Murad, not noted for his boldness, looked doubtfully at the offering. Then, with a trembling hand, he took the sphere from the wizard. The delight on his face was plain for all to see when he found that he too could hold the object in one hand. The applause was even greater than before as the Sultan held the crystal triumphantly aloft.
This went on for some time and it was clear that Zushad found the display irritating. We saw his eyes turn upwards to the crystal which began to glow faintly in the Sultan’s hand. At this the applause increased, but unease showed on Murad’s face. He quickly handed the sphere back to Zushad who took it with a deep bow.
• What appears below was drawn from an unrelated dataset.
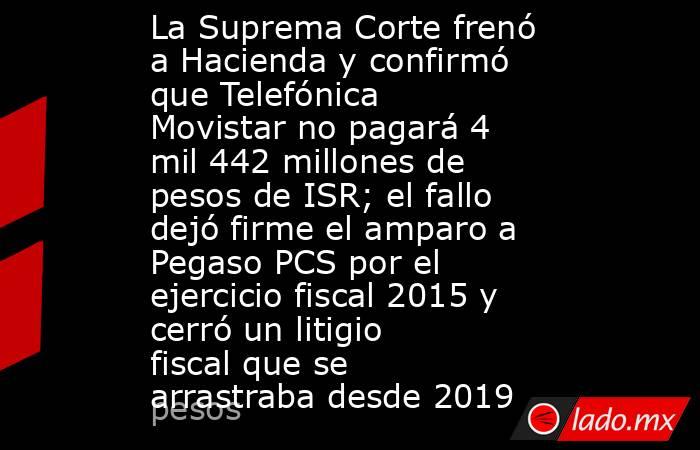 La Suprema Corte de Justicia de la Nación (SCJN) confirmó que la Secretaría de Hacienda y Crédito Público (SHCP) no podrá impugnar el amparo que benefició a Telefónica Movistar, por lo que la empresa no pagará 4 mil 442 millones de pesos por concepto de Impuesto Sobre la Renta (ISR) correspondiente al ejercicio fiscal 2015.

From the way the Sultan dipped his hands in a bowl of rose water I guessed that he found it had grown too hot to handle.
Then, with dazzling, almost contemptuous swiftness, Zushad showed us the wonders of his crystal. Faster than one could speak the names of these colours he turned the sphere red, green, blue, yellow, black, gold... He had the lights extinguished in the room and showed us pictures in its depths — green dragons, maidens on soft divans with legs like coiled snakes, men with bulls’ heads running fast through purple forests, and once I thought I saw, in an image of distant mountains, the minute outline of Castle Dracula. All this was quite unaccompanied by the histrionics which lesser conjurers use to enhance their paltry demonstrations. His wonders were sufficiently wonderful in themselves and required no advertisement.
I will not attempt to list all the wonders that he showed us that night. Suffice it to say that they were indeed wonderful. He filled cups with glittering rubies and emptied them again; he turned a pomegranate into a silver butterfly; he pulled a porcupine out of the mouth of a Nubian eunuch. But I could not escape the feeling that we were despised by Zushad for loving these wonders. Clearly Murad, who, for all his debauchery, had some vestiges of shrewdness, felt the same since, as wonder succeeded wonder, he seemed to grow restive. Just as Zushad was making a parsley plant grow out of the navel of one of the fattest of the Sultan’s chamberlains Murad raised his hand to call a halt to these proceedings. He spoke to the wizard with respect, but like a man who knows nonetheless that his authority is absolute.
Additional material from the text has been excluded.